NEWS: Effective April 1, Wisconsin’s Office of Credit Unions (OCU) is updating its rules to give state-chartered credit unions equal footing with federal credit unions (FCUs) when it comes to issuing subordinated debt.
Subordinated debt involves credit unions borrowing money from investors, subject to NCUA requirements that prescribe the loan’s structure, terms and other issues. It gets favorable regulatory capital treatment because of its subordination to other creditors.
Only low-income credit unions (LICUs) may issue secondary capital under current state law. By changing state rules to mirror federal law, the OCU will now also let newly chartered credit unions and “complex” credit unions (i.e., credit unions with assets greater than $500 million and without a low-income designation) issue subordinated debt for purposes of regulatory capital treatment.
Currently, DFI-CU §75.03(1) says that state-chartered LICUs may accept secondary capital accounts, subject to the same federal requirements that apply to FCUs. The state rules cross-reference NCUA regulations, but those references have become outdated because the NCUA rules on subordinated debt changed significantly on Jan. 1, 2022. To keep pace, the OCU is amending its rules to cross-reference the new NCUA regulations (which are found in Part 702, Subpart D, of the NCUA Rules). For example, the NCUA rules now refer to secondary capital issued before Jan. 1, 2022, as “grandfathered secondary capital,” while secondary capital issued after that time is called “subordinated debt” and is subject to new requirements. The OCU rules now use that same terminology, and not the now-obsolete term “secondary capital accounts.”
NCUA rules changed Jan. 1
This whitepaper from a prominent national banking law firm does a nice job of summarizing the NCUA subordinated debt rules that took effect Jan. 1 – which state-chartered credit unions will also have to follow. The whitepaper explains:
Most significantly, the [new NCUA rule] would, for the first time, provide federally insured credit unions … with more than $500 million in assets and without a low-income designation access to additional capital outside of retained earnings. Specifically, these credit unions would be permitted to sell subordinated debt to certain qualifying investors and use the proceeds to satisfy the NCUA’s new risk-based capital ratio that will take effect on January 1, 2022 …, which will require them to hold capital at least equal to 10% of their risk-weighted assets.

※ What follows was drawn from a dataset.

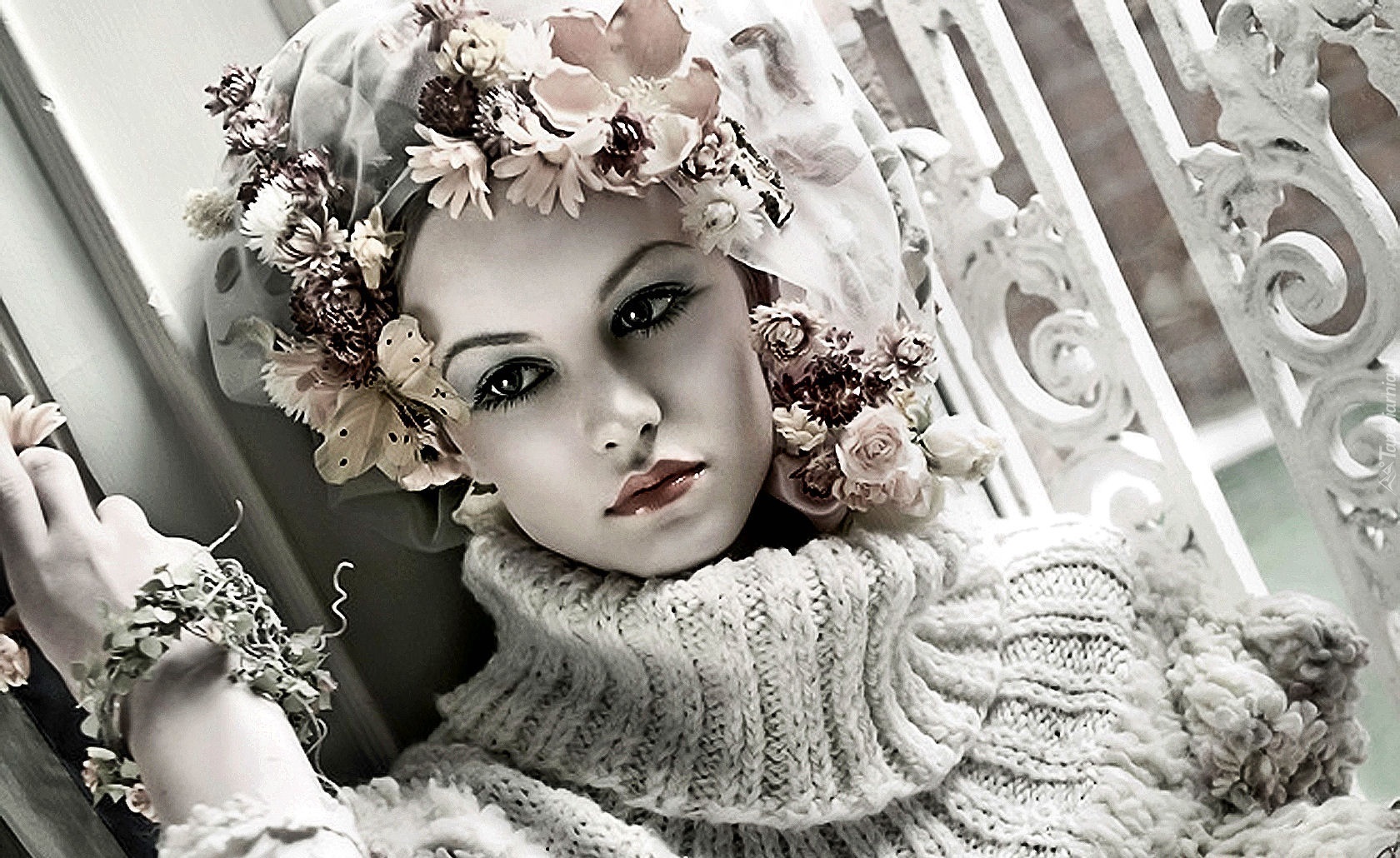 Edytor tapety: Kobieta, Makijaż, Golf, Kwiatki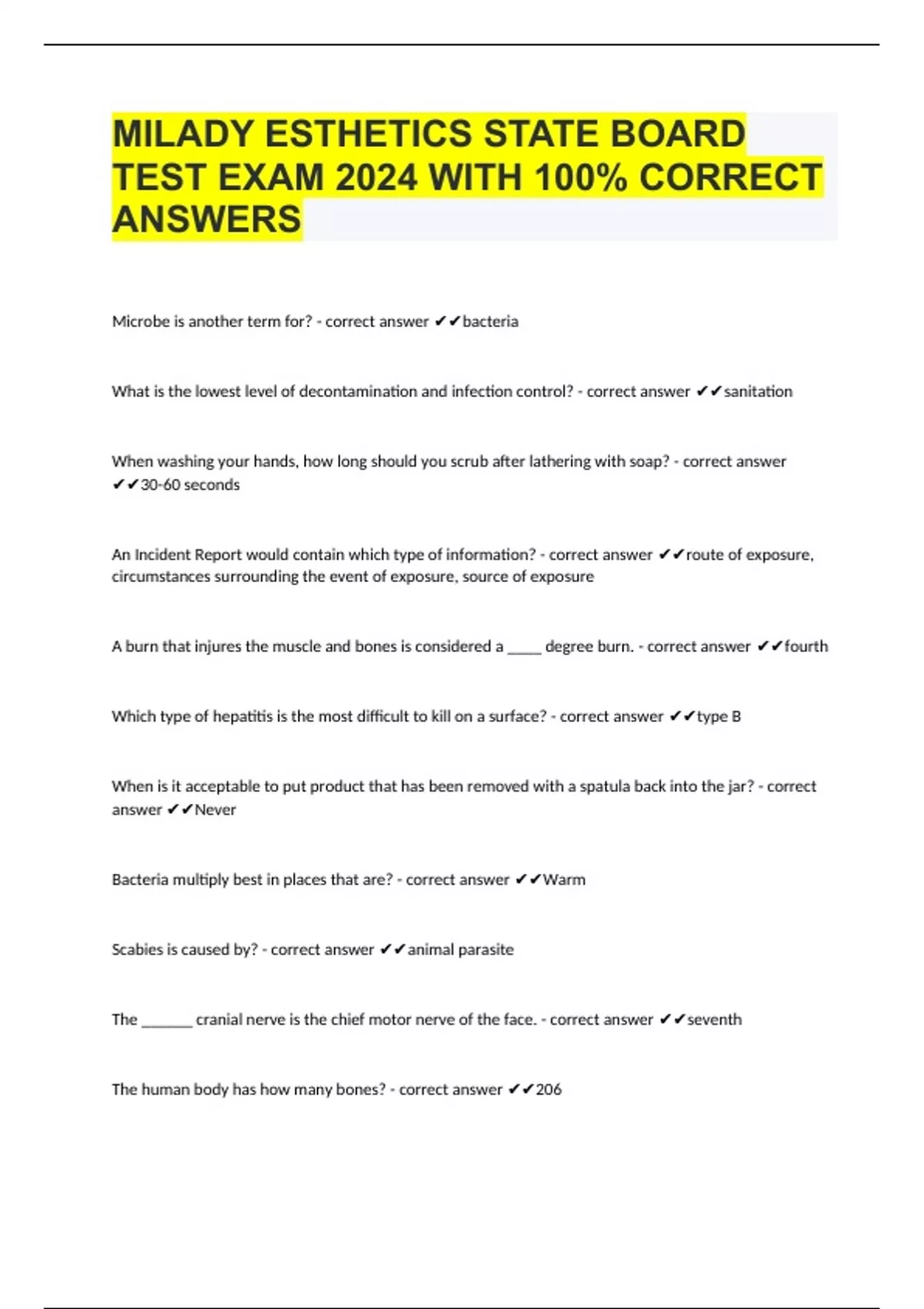 MILADY ESTHETICS STATE BOARD TEST EXAM 2024 WITH 100% CORRECT ANSWERS

The article goes on to list other highlights of the NCUA’s new regulations, including these:
- Permitting LICUs to continue to include issued subordinated debt in their net worth and Risk-Based Capital Ratio calculations; while complex credit unions without a low-income designation would be eligible to include issued subordinated debt in their Risk-Based Capital Ratio calculation (but not in their net worth calculation);
- Limiting eligible investors of subordinated debt to “accredited investors” as defined by the Securities and Exchange Commission, which includes natural persons and entities;
- Providing specific requirements for the subordinated debt instrument, such as having a maturity of at least five years but no more than 20 years, and being unsecured, issued pursuant to written contractual agreement(s) and subordinate to all other claims against the issuing credit union;
- Prohibiting a credit union from being both an issuer and investor in subordinated debt; and
- Providing specific application procedures for obtaining NCUA pre-approval to issue subordinated debt, as well as required disclosures that must be made to potential investors in the offering documents and the subordinated debt promissory note.
NCUA Rules & Regulations 12 CFR Part 702, Subpart D sets forth the requirements applicable to all subordinated debt issued by a federally insured, natural person credit union, including the NCUA’s review and approval of that credit union’s application to issue or prepay subordinated debt.